One cannot be sure about the order of the columns selected using tidyselect, if the order of the column changes then the underlying function wouldn't be executed properly as the expected data type would be different. I think that's the reason in pmap
we have to manually type in all the input column names as a list. That's why I thought your examples aren't properly conveying the need for the list_across
, the function sum
takes only numeric types and paste
can take anything.
I see this is still open, so I'd like to offer a +1 for this idea! It would be very useful, e.g. for assembling API requests in a tidy format.

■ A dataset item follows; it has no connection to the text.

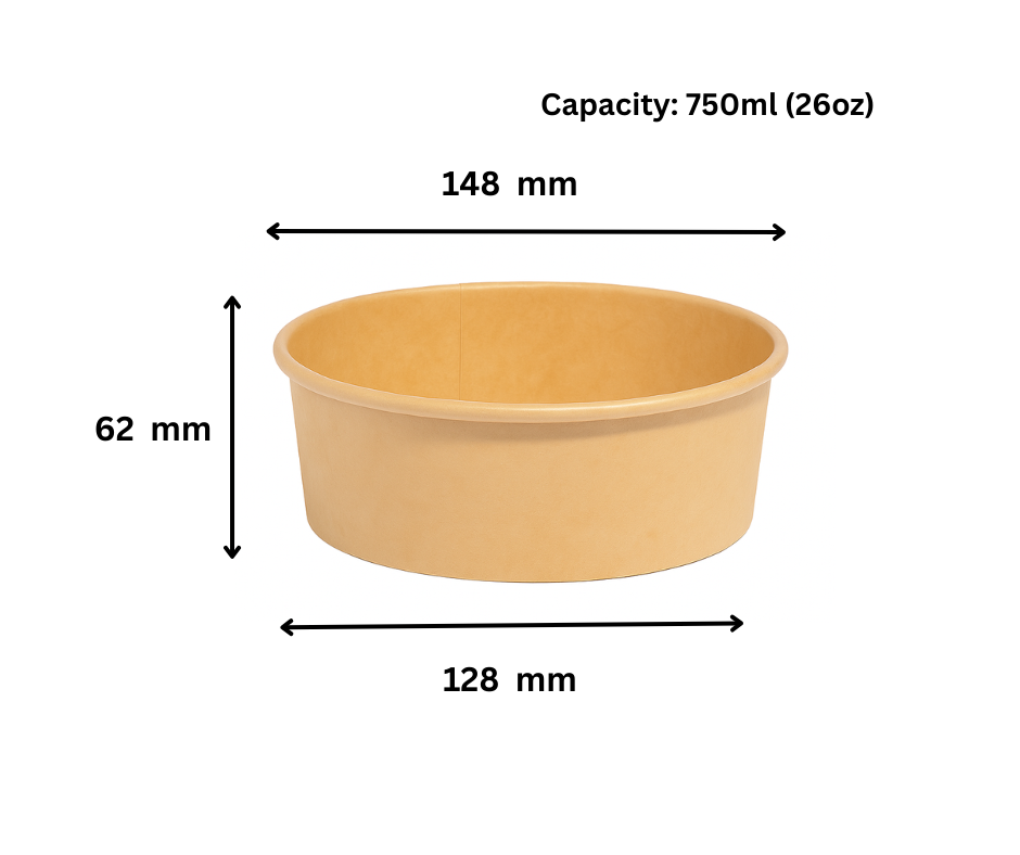 - Choose our 750ml Kraft paper bowls to demonstrate your commitment to sustainability without compromising on quality or performance.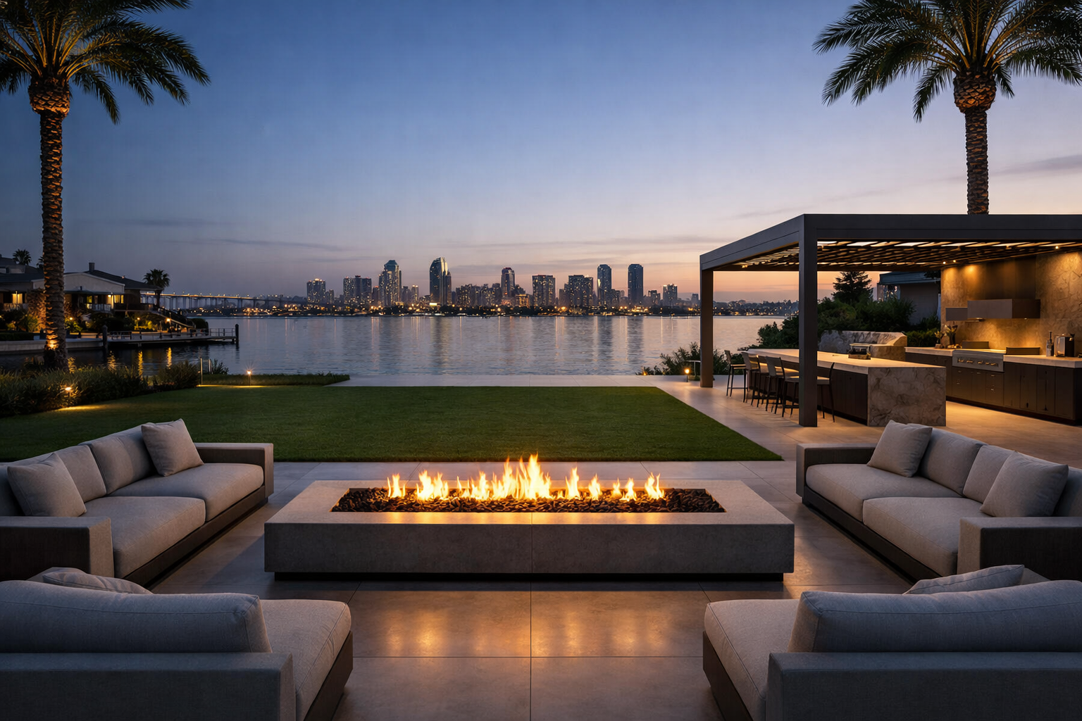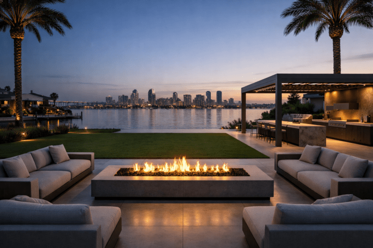 In Coronado Village, Coronado Cays, Coronado Shores and coastal-facing pockets, we design-build complete outdoor environments: porcelain/paver patios, driveway/entry upgrades, louvered pergolas or engineered pavilions, outdoor kitchens (gas/electric), privacy and noise control (walls/screens/hedges), low-glare lighting scenes, drainage/underdrains, motorized screens, outdoor room heating, and estate outdoor A/V coordinated with City permits and HOA/ARC review when applicable.

Very often a request will combine different data types, and the order of elements in the list does not matter, so @mattwarkentin 's function would be very handy
I can't tell exactly what you want, but I think across()
is enough?
library(dplyr, warn.conflicts = FALSE)
df <- rnorm(10*10) |>
matrix(ncol = 10, dimnames = list(NULL, paste0("V", 1:10))) %>%
as_tibble()
df %>%
mutate(foo = purrr::pmap_dbl(across(V1:V5), sum))
#> # A tibble: 10 × 11
#> V1 V2 V3 V4 V5 V6 V7 V8 V9 V10
#> <dbl> <dbl> <dbl> <dbl> <dbl> <dbl> <dbl> <dbl> <dbl> <dbl>
#> 1 -1.26 -0.0704 -0.247 -0.177 0.583 -1.64 2.28 -0.466 0.359 -1.88
#> 2 -0.523 1.25 -1.53 -0.378 0.618 -0.709 0.319 0.409 -0.647 1.42
#> 3 1.15 -1.67 -0.133 0.768 -0.652 0.632 0.482 0.939 0.911 -0.713
#> 4 1.80 -0.0164 -0.703 0.504 2.30 -1.06 -0.207 0.444 -0.439 -0.943
#> 5 -2.24 1.22 -1.19 -0.193 0.814 -0.989 -0.193 0.107 0.0478 0.901
#> 6 -0.0350 -1.85 -1.28 0.324 0.725 0.334 1.30 -1.94 0.403 -2.44
#> 7 -0.884 -0.512 -2.07 -0.150 -1.07 1.20 -0.705 -0.850 0.183 -0.158
#> 8 0.378 -0.825 -0.674 0.283 -0.0989 1.05 -0.444 0.850 1.29 -0.189
#> 9 0.243 0.188 0.0643 -0.888 0.870 1.57 -0.780 0.409 0.778 0.173
#> 10 -2.02 -0.552 0.496 -0.899 -0.126 0.849 -1.62 1.11 -1.26 0.620
#> # … with 1 more variable: foo <dbl>
Created on 2022-08-24 by the reprex package (v2.0.1)
In general, we're becoming increasingly confident that NSE (like tidyselect) doesn't belong in purrr.